After all, they’re the ones who are going to have to do all the de-munging. Are they always going to notice that they have to remove “.invalid” from the end? Do they all know that the English “at” means “@”? Do they have time to edit text in their address lines? Address munging is fundamentally inelegant, because it intentionally works against clarity.
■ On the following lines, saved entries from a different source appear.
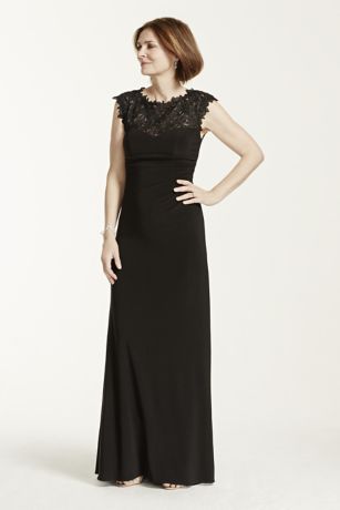 Cap Sleeve Jersey Dress with Lace Illusion Bodice
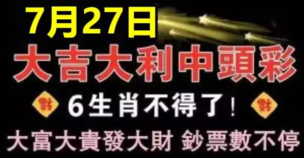 7月27日開始,六大生肖大吉大利中頭彩
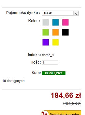 ale na pozostałych atrybutach zamiast wyświetlania starych cen, tzn 180 zł i 220 pojawia się również pomniejszona cena, a stara jest przekreślona.

People have been making this argument for a very long time. It’s particularly relevant nowadays, though, because of the growing promise of the semantic web. We want data to be machine readable, because then we can do cool stuff with it. FOAF and the hCard microformat are pretty pointless if they don’t have real email addresses to work with. “Hide the data from the machines” is a good strategy for fighting Skynet, but not for the future of the web. Ok, reason two:
Address munging just doesn’t work.
It can’t. It’s putting glasses on Superman. Although in theory a valid email can be pretty hard to identify, in practice, emails addresses use a very limited vocabulary–and computers are good at identifying limited vocabularies. Don’t forget, everyone has been using the same old [at] and “dot” tricks for decades–this is security through obscurity at its very worst.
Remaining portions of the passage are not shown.